**Entries supplied:**
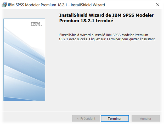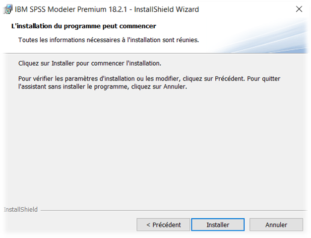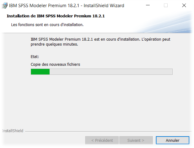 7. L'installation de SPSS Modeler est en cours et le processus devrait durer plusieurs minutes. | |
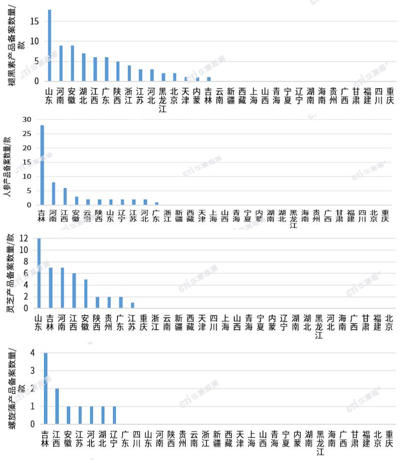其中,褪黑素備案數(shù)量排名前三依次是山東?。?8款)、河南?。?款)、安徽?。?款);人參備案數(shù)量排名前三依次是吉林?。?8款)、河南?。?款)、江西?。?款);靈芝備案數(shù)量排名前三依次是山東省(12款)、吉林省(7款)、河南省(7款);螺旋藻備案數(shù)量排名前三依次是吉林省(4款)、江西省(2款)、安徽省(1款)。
==
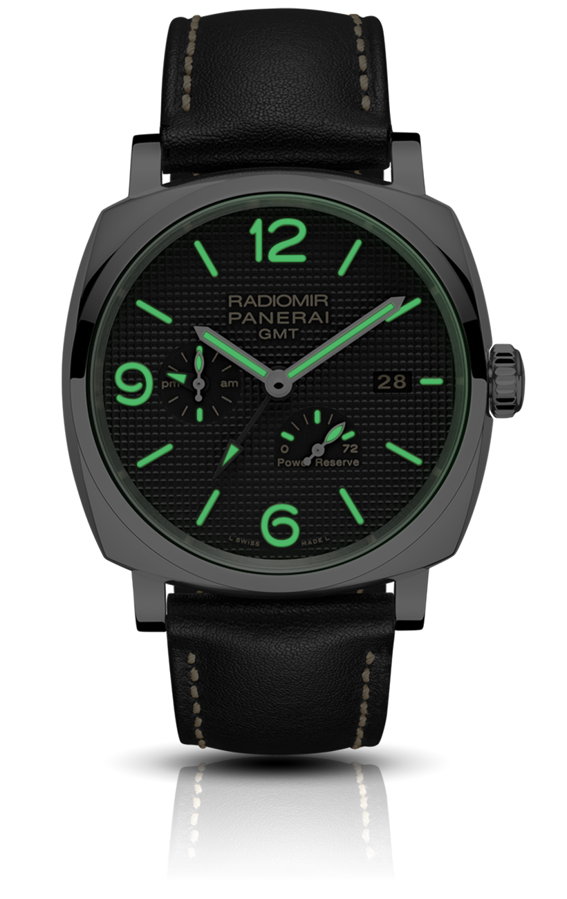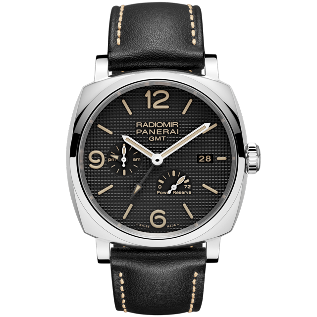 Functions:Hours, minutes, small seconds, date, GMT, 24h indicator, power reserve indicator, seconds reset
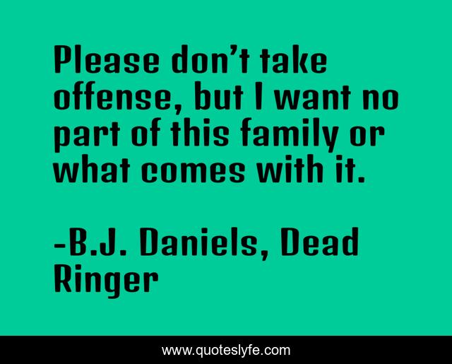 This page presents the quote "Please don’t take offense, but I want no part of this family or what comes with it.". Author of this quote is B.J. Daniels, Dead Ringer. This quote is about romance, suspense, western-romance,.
--
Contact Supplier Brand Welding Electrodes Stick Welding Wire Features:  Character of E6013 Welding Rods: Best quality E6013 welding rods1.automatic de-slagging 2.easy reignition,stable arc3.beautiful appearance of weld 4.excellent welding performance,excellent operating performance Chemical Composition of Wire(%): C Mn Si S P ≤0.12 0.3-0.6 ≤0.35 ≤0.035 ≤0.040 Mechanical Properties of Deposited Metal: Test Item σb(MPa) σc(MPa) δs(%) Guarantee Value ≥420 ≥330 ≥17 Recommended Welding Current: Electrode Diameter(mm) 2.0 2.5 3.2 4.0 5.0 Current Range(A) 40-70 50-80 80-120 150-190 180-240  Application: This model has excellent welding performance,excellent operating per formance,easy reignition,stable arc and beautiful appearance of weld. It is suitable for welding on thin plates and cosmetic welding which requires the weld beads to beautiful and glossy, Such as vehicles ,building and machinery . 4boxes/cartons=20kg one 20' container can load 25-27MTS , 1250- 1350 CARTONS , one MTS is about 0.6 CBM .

**Your objective:** Reproduce, word for word, everything in the listing above from the line containing "7. L'installation de" down to the line containing "其中,褪黑素備案數(shù)", both of them included. No pictures.

**Task output:**
 7. L'installation de SPSS Modeler est en cours et le processus devrait durer plusieurs minutes. | |
其中,褪黑素備案數(shù)量排名前三依次是山東?。?8款)、河南?。?款)、安徽?。?款);人參備案數(shù)量排名前三依次是吉林?。?8款)、河南?。?款)、江西?。?款);靈芝備案數(shù)量排名前三依次是山東省(12款)、吉林省(7款)、河南省(7款);螺旋藻備案數(shù)量排名前三依次是吉林省(4款)、江西省(2款)、安徽省(1款)。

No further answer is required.